Se o preconceito de base heterocentrada e heterossexual é retomado, parece ser
pano de fundo para amparar o discurso mais libertador de Henrique dado pelas “lições”
do Pai, uma derrocada para as identidades fixas e para a intolerância. Desta forma, o
“ensinamento” paterno não se destina a criar rótulos, definições, nomes, indo de
encontro a uma política não-identitária, traduzindo, assim, as dissidências da subcultura
gay. A crítica construída aos sujeitos do desejo se endereça ao entre-lugar das
homoafetividades que se projetam entre as identidades, entre homossexualidades e
heterossexualidades, o que implica repensar as masculinidades para além da
homossociabilidade homofóbica (LOPES, 2001, p. 46).
Algumas considerações finais
Não se trata, no texto narrativo, de trazer nenhuma apologia ao desejo sexual
entre pai e filhos, entre irmãos e/ou entre adolescentes, mas a representatividade dos
relacionamentos de gênero e as estruturas de poder bem como atentar para os jogos de
diferenças que são apontados para conceituar o sexo e o gênero e as orientações sexuais.
Como ponto de partida para o questionamento colocado neste artigo, a minha leitura vai
de encontro a um modo explícito de abordar o real dentro dos contextos culturais da
diversidade sexual, buscando enxergar alguns reflexos que disseminam os lugares de
fala dos marginais e dos periféricos. Talvez, aqui, caiba a noção de Joan Scott sobre o
processo de “desnaturalização” dos conceitos que implicam classificar, hierarquizar e
distinguir homens e mulheres: a organização social da diferença sexual, ao
problematizar o gênero, é revelar o saber “que estabelece significados para as diferenças
corporais.” Estes significados variam, conforme explica a teórica, “de acordo com as
culturas, os grupos sociais e no tempo, já que nada no corpo [...] determina
univocamente como a divisão social será estabelecida” (1994, p. 13; 14).
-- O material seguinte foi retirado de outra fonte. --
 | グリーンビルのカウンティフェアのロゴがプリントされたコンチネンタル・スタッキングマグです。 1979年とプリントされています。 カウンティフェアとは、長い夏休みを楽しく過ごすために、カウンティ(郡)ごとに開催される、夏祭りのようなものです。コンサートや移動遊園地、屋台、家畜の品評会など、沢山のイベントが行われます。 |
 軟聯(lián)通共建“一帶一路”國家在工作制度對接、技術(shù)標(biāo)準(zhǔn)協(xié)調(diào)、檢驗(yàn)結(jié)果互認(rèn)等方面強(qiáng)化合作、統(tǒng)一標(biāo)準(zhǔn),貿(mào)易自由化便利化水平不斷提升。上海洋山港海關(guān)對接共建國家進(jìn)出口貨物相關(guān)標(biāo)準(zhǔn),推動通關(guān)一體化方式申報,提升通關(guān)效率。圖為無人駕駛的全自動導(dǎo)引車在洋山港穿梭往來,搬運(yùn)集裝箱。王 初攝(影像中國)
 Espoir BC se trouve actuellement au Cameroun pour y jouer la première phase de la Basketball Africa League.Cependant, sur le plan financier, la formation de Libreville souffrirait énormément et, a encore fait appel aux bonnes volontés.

Assim, o projeto de leitura sobre o tema do desejo homoerótico no romance
Henrique atravessa os pontos trazidos pelo pensamento de Scott, porque a concepção de
sexualidade, de gênero e de identidade fere o estatuto da naturalidade. Vendo-se o perfil
dos personagens analisados, Luis e Leão, Henrique e Luis, Henrique e Victor, eles
reconstroem elos de relações diferenciáveis e apostam no social mais interpretativo
quando beiram a cultura ocidental hegemônica e heteronormativa. Sobre isto, basta
lembrar que o personagem Luis tem uma visão indisciplinar no que toca aos desejos
homoafetivos, contrapondo a visibilidade dos dispositivos de poder que normalizam a
sexualidade dos indivíduos.
Por isso, para Judith Butler, o sexo é também discursivo e cultural, como o
gênero, já que este é o “ponto relativo de convergência entre conjuntos específicos de
relações, cultural e historicamente convergentes. O corpo é em si uma construção”.
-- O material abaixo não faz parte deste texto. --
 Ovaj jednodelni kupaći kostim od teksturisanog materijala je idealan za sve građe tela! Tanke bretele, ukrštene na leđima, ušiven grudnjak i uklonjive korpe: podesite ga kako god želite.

Seguindo o seu pensamento, “o corpo é performativo, a identidade é performativa”, ou
seja, ele está envolto por atos de fala, pois, não somente a fala existe no processo de
entendimento linguístico, como se pode aferir, a fala está no verbo e no corpo (2003, p.
27; 29). Portanto, entre a flexão da ação verbal e a corporal, entre os personagens em
estudo, prevalece a fala do corpo e no corpo, em potência máxima, em construção e
desconstrução, numa fronteira aberta a práticas significantes dentro de um espaço
cultural de hierarquias de gênero e de heterossexualidade compulsória.
Se há quebra dos tabus, ele é proposital, pois ali se textualiza, no espaço
narrativo, outros papéis exercidos e atribuídos no exótico modo de vida, desatando os
nós que forçam a representação do homem nas ordinárias maneiras de amar. Assim, a
literatura de Állex Leilla parodia as hierarquias e refunda outros sentidos que giram em
torno dos desejos, subvertendo os dualismos orgânicos e hierárquicos, o corpo biológico
e nomeações à mercê das estruturas do real falocêntricas, patriarcais, sexistas e
heteronormativas. A minha leitura para o livro Henrique é transposta no viés da
linguagem que convoca ao exercício metafórico no qual se criam existências que podem
ser lidas na reconstituição de uma história já marcada pelos tempos passados e que são
retomadas nos aportes da ficção para amparar identidades mais fluidas e híbridas e que
se destinam a rever o ato de amar fora dos padrões.